Task details:
Could you repeat every entry below word for word, leaving out the pictures?

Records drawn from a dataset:
+---+
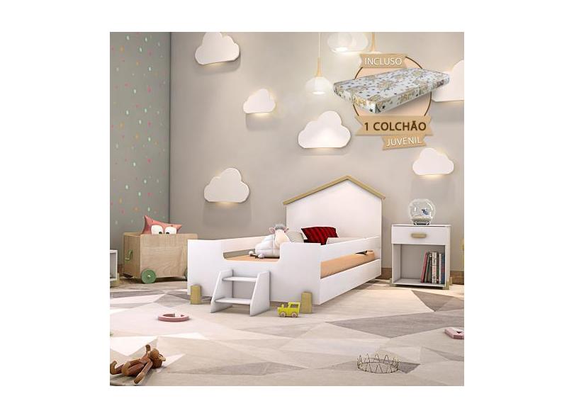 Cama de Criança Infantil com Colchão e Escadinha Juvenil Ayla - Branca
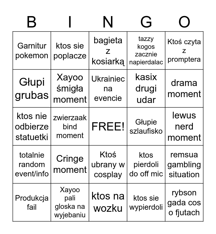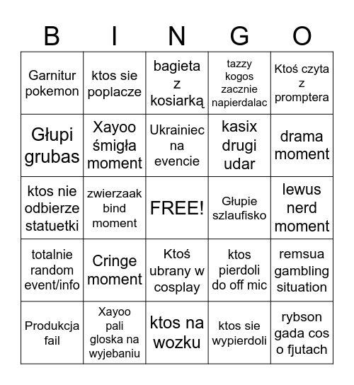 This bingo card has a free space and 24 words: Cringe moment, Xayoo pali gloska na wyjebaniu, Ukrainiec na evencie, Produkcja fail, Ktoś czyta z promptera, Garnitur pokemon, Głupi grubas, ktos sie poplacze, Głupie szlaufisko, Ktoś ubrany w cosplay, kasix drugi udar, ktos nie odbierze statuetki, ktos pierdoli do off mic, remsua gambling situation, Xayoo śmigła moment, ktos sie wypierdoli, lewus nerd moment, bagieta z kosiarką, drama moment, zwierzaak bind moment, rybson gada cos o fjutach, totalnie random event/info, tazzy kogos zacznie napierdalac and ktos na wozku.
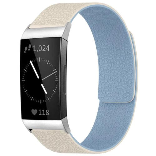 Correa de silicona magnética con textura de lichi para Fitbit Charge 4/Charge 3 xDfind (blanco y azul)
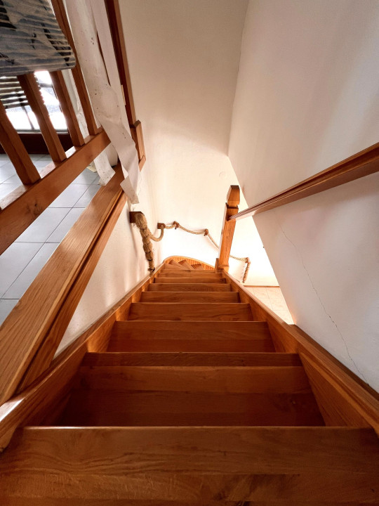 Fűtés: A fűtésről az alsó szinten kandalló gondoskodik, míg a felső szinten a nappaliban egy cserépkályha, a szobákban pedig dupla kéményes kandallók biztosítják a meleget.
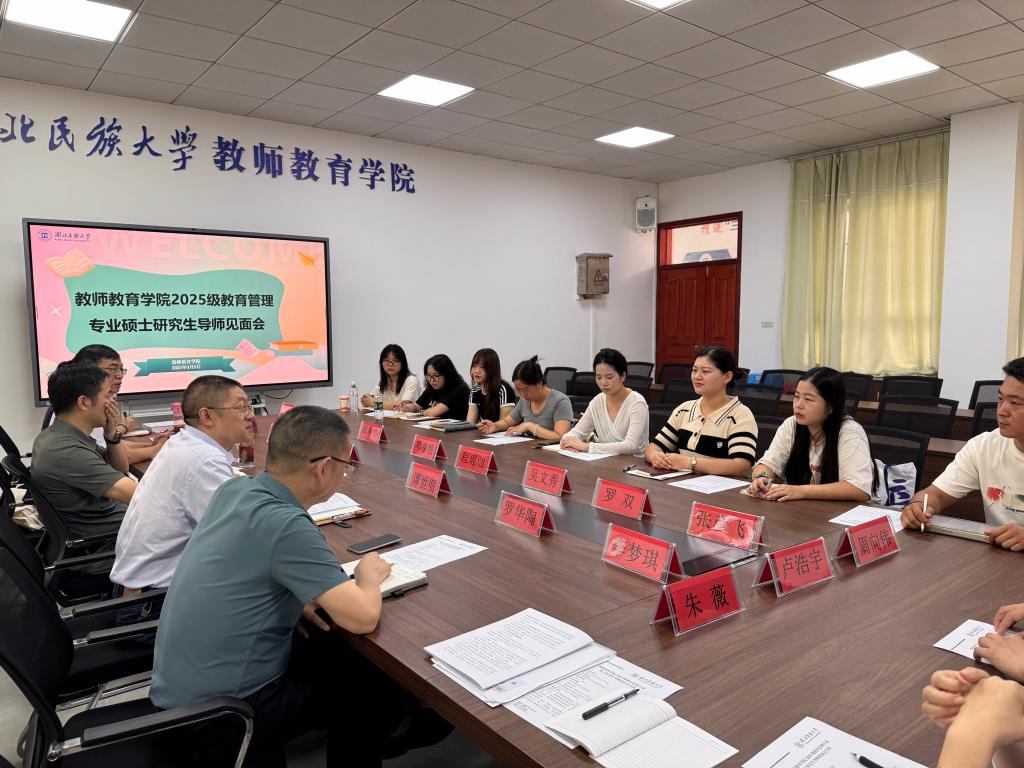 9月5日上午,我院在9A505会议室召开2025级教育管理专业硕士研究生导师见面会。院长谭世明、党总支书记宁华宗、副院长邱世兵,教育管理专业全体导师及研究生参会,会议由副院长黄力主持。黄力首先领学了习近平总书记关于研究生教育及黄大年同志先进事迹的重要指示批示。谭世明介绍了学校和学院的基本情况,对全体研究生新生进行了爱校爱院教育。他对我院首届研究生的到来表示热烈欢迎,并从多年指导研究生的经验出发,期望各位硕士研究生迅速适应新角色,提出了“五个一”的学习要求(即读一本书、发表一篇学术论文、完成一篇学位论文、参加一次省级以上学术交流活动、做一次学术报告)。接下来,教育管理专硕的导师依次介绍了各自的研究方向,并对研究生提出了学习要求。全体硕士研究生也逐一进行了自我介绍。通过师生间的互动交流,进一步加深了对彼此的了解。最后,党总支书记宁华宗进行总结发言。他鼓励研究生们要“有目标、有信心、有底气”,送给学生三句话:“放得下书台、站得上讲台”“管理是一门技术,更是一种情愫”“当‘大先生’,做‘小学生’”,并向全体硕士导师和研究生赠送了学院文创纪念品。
+---+
Result:
 Cama de Criança Infantil com Colchão e Escadinha Juvenil Ayla - Branca
 This bingo card has a free space and 24 words: Cringe moment, Xayoo pali gloska na wyjebaniu, Ukrainiec na evencie, Produkcja fail, Ktoś czyta z promptera, Garnitur pokemon, Głupi grubas, ktos sie poplacze, Głupie szlaufisko, Ktoś ubrany w cosplay, kasix drugi udar, ktos nie odbierze statuetki, ktos pierdoli do off mic, remsua gambling situation, Xayoo śmigła moment, ktos sie wypierdoli, lewus nerd moment, bagieta z kosiarką, drama moment, zwierzaak bind moment, rybson gada cos o fjutach, totalnie random event/info, tazzy kogos zacznie napierdalac and ktos na wozku.
 Correa de silicona magnética con textura de lichi para Fitbit Charge 4/Charge 3 xDfind (blanco y azul)
 Fűtés: A fűtésről az alsó szinten kandalló gondoskodik, míg a felső szinten a nappaliban egy cserépkályha, a szobákban pedig dupla kéményes kandallók biztosítják a meleget.
 9月5日上午,我院在9A505会议室召开2025级教育管理专业硕士研究生导师见面会。院长谭世明、党总支书记宁华宗、副院长邱世兵,教育管理专业全体导师及研究生参会,会议由副院长黄力主持。黄力首先领学了习近平总书记关于研究生教育及黄大年同志先进事迹的重要指示批示。谭世明介绍了学校和学院的基本情况,对全体研究生新生进行了爱校爱院教育。他对我院首届研究生的到来表示热烈欢迎,并从多年指导研究生的经验出发,期望各位硕士研究生迅速适应新角色,提出了“五个一”的学习要求(即读一本书、发表一篇学术论文、完成一篇学位论文、参加一次省级以上学术交流活动、做一次学术报告)。接下来,教育管理专硕的导师依次介绍了各自的研究方向,并对研究生提出了学习要求。全体硕士研究生也逐一进行了自我介绍。通过师生间的互动交流,进一步加深了对彼此的了解。最后,党总支书记宁华宗进行总结发言。他鼓励研究生们要“有目标、有信心、有底气”,送给学生三句话:“放得下书台、站得上讲台”“管理是一门技术,更是一种情愫”“当‘大先生’,做‘小学生’”,并向全体硕士导师和研究生赠送了学院文创纪念品。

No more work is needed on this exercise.